Pulmonary arteriovenous malformations (PAVMs) are associated with severe neurological complications in hereditary haemorrhagic telangiectasia (HHT). Transthoracic contrast echocardiography (TTCE) is recommended for screening of pulmonary right-to-left shunts (RLS). Although growth of PAVMs is shown in two small studies, no studies on follow-up with TTCE exist.

All HHT patients underwent a second TTCE 5 years after initial screening. Patients with a history of PAVM embolisation were excluded. Pulmonary RLS grade on TTCE after 5 years was compared to the grade at screening.

200 patients (53.5% female, mean±sd age at screening 44.7±14.1 years) were included. Increase in RLS grade occurred in 36 (18%) patients, of whom six (17%) underwent embolisation. The change in grade between screening and follow-up was not more than one grade. Of patients with nontreatable pulmonary RLS at screening (n=113), 14 (12.4%) underwent embolisation. In patients without pulmonary RLS at initial screening (n=87), no treatable PAVMs developed during follow-up.

Within 5 years, no treatable PAVMs developed in HHT patients without pulmonary RLS at initial screening. Increase in pulmonary RLS grade occurred in 18% of patients, and never increased by more than one grade.

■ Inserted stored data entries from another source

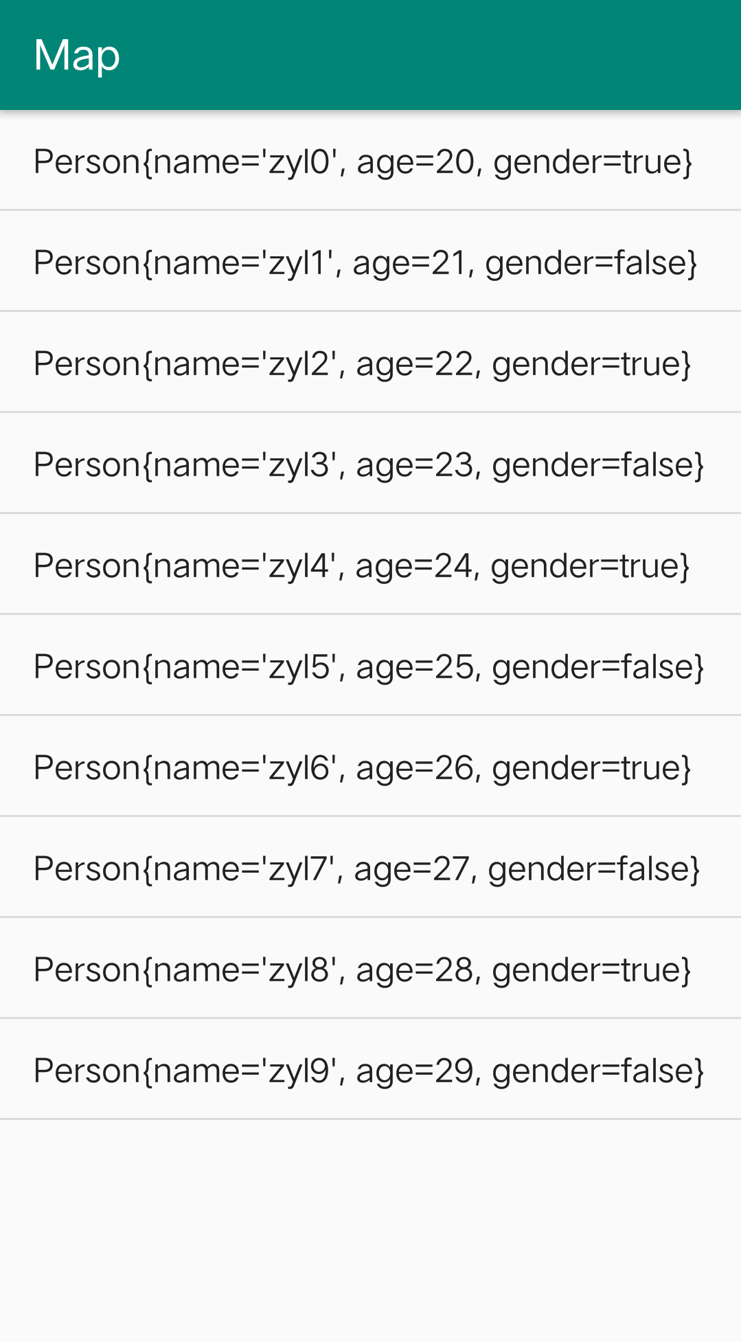 Person person = new Person("zyl"+i,20+i,i%2==0?true:false);
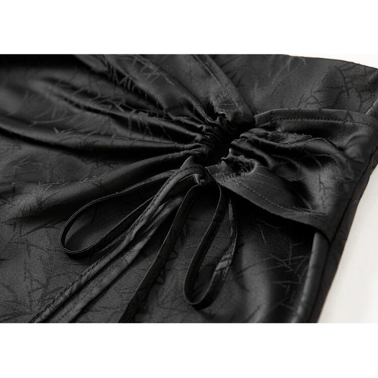 サイドの寄せと結びのディテールが、装いにやわらかな動きを添えます。
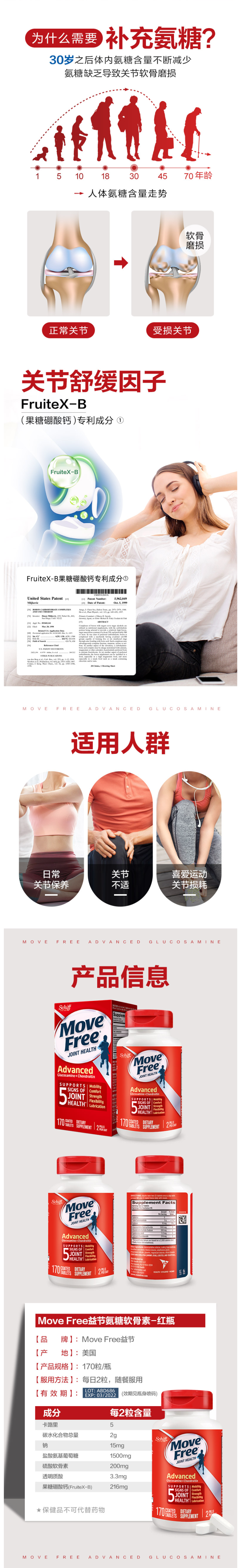 Move Free维骨力,是美国关节保健品市场上的第二大品牌,母品牌Schiff有近80年历史。Move Free最大的特点,是针对骨关节保健盲区“软骨”进行营养补充,核心营养素是“氨基葡萄糖”,也叫氨糖,美国有专门的医疗机构论证过氨糖的有效性。

Of patients with nontreatable pulmonary RLS at initial screening, 12% underwent embolisation.

Abstract

Within 5 years, no treatable PAVMs developed in HHT patients who did not have pulmonary RLS at initial screening http://ow.ly/XoZLQ

Introduction

Pulmonary arteriovenous malformations (PAVMs) are abnormal vessels that replace the normal capillaries between the pulmonary arterial and venous circulation [1]. Up to 90% of PAVMs are associated with hereditary haemorrhagic telangiectasia (HHT), a rare autosomal dominant inherited disorder [2–4]. HHT is characterised by the presence of direct artery-to-vein communications, which vary from small telangiectasia (dilated microvessels) in skin and mucous membranes to large arteriovenous malformations, predominantly localised in the brain, liver and lungs [1, 5]. HHT consist of two main types: HHT type 1 and HHT type 2, which are caused by mutations in the ENG and ACVRL1 genes, respectively [6, 7].

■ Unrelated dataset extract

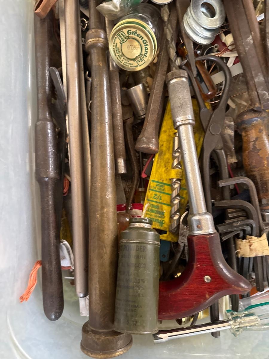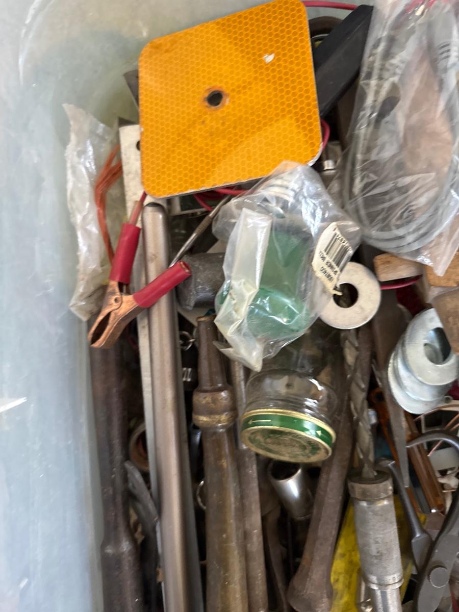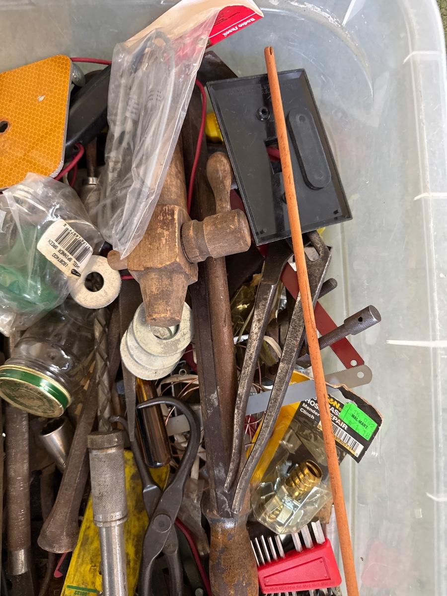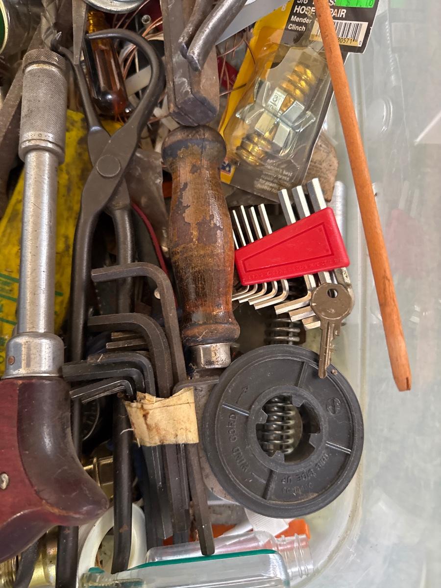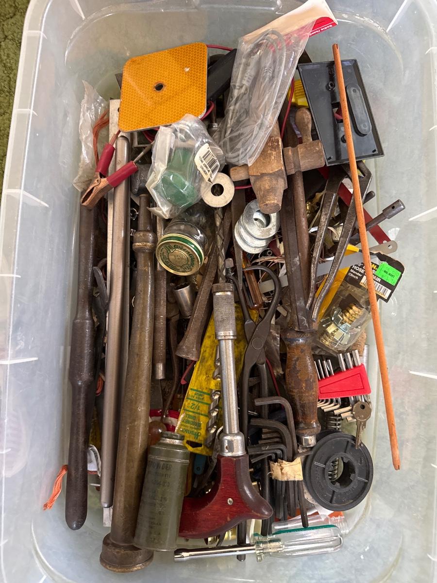 Tote of assorted tools and hardware

PAVMs bypass the normal pulmonary capillary filter and result in a permanent anatomic right-to-left shunt (RLS). PAVMs are therefore associated with severe neurological complications due to paradoxical emboli of both thrombotic and septic origin [1]. Depending on HHT type, the prevalence of a pulmonary RLS is 35–85% [1, 8]. In order to reduce the risk of neurological complications, patients can be safely treated with transcatheter embolotherapy, an endovascular intervention that occludes the feeding artery of the PAVM with a vascular plug or coils [9, 10].

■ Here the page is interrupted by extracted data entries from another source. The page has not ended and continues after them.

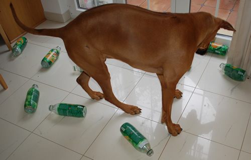 Auch diese Flaschen sammle ich, es ist nicht so einfach, das Futter da wieder raus zu bringen. Springt der Hund drauf, meine macht das oft so. kommen die Futterbröckchen gar nicht mehr raus.
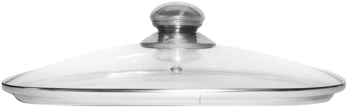 Крышка изготовлена из жаропрочного стекла и снабжена устойчивой к износу хромированной ручкой, которую удобно и приятно держать в руке. Для правильной циркуляции воздуха на ней есть паровыпускное отверстие.
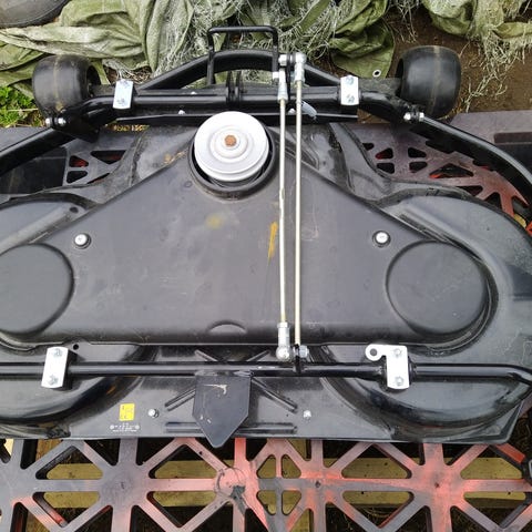 Klippeaggregat til gressklipper med to knivhus og tilhørende vaiere. Egnet som reservedel eller bytteaggregat til kompatibel sitteklipper eller gressklipper. Merke, modell, bredde og eksakte mål er ikke oppgitt og bør kontrolleres mot egen maskin før bruk.
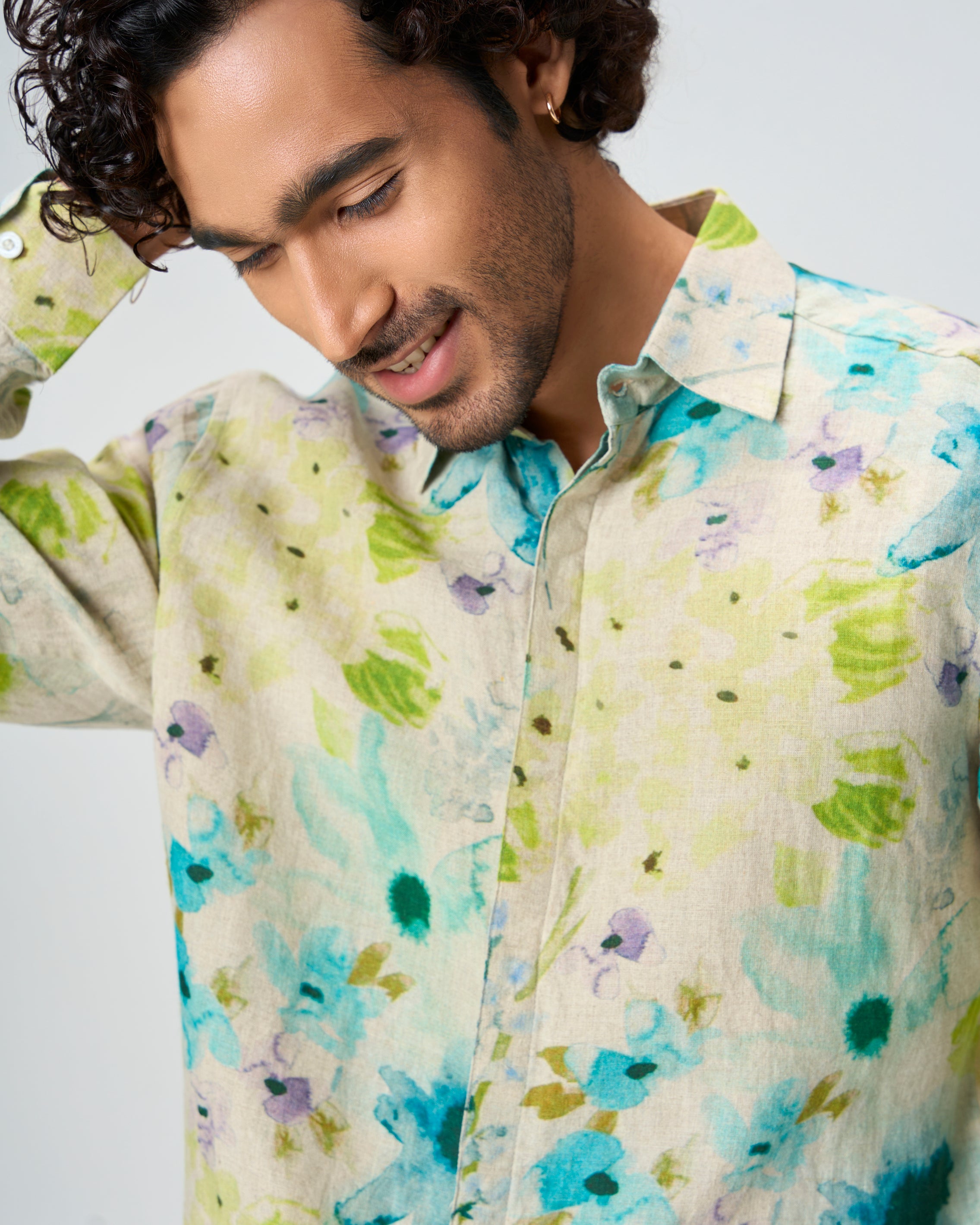 The Monet Garden Shirt is a wearable piece of art, capturing the tranquil beauty and soft, blended light of an Impressionist painting. Crafted from 100% lightweight flax linen, it offers an airy, breathable feel and an effortless drape, perfect for warmer months.
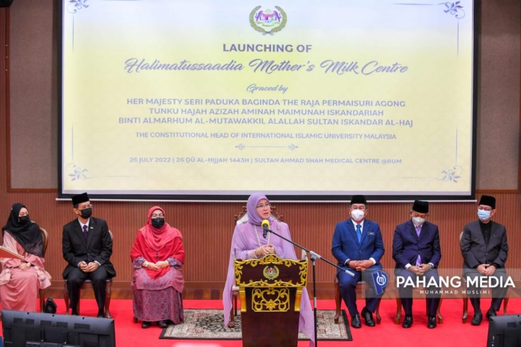 KDYMM Raja Permaisuri Agong bertitah demikian pada Majlis Perasmian Pusat Susu Bonda Halimatussaadia, Sultan Ahmad Shah Medical Centre di Universiti Islam Antarabangsa Malaysia (UIAM) di Kuantan.

Transthoracic contrast echocardiography (TTCE) has an excellent sensitivity and negative predictive value for the presence of PAVMs with low risks and costs. It is therefore recommended as the first-line screening technique for PAVMs in all persons with suspected HHT [3, 8, 11, 12]. Importantly, two recently published studies by Velthuis and colleagues [1, 13] demonstrated that small pulmonary RLS are not associated with neurological complications and that pulmonary RLS on TTCE predicts the size of PAVMs on chest computed tomography (CT), and their feasibility for subsequent transcatheter embolisation.

Unfortunately, the recommendations for follow-up of pulmonary RLS are mainly based on expert opinion and there is no literature on long-term follow-up with TTCE. However, there are a few small studies, which included patients after embolisation, that demonstrate growth of PAVMs despite embolisation [9, 10]. Besides, HHT is known for its age-related penetrance. Therefore we hypothesised that in HHT patients without treatable PAVMs at screening, an increase in pulmonary RLS may occur during follow-up. We present the first study on the 5-year follow-up of pulmonary RLS with TTCE in HHT patients.

Methods

Study population

All patients with a definite HHT diagnosis who were screened for PAVMs using TTCE between September 2004 and June 2010 were invited for 5-year follow-up at the St Antonius Hospital (Nieuwegein, the Netherlands), an HHT centre of excellence. The HHT diagnosis was based on genetic testing or presence of three or more clinical criteria [3], which consist of spontaneous and recurrent epistaxis, telangiectasia at characteristic sites, visceral lesions and a first-degree relative with HHT. Patients with history of PAVM embolisation were excluded.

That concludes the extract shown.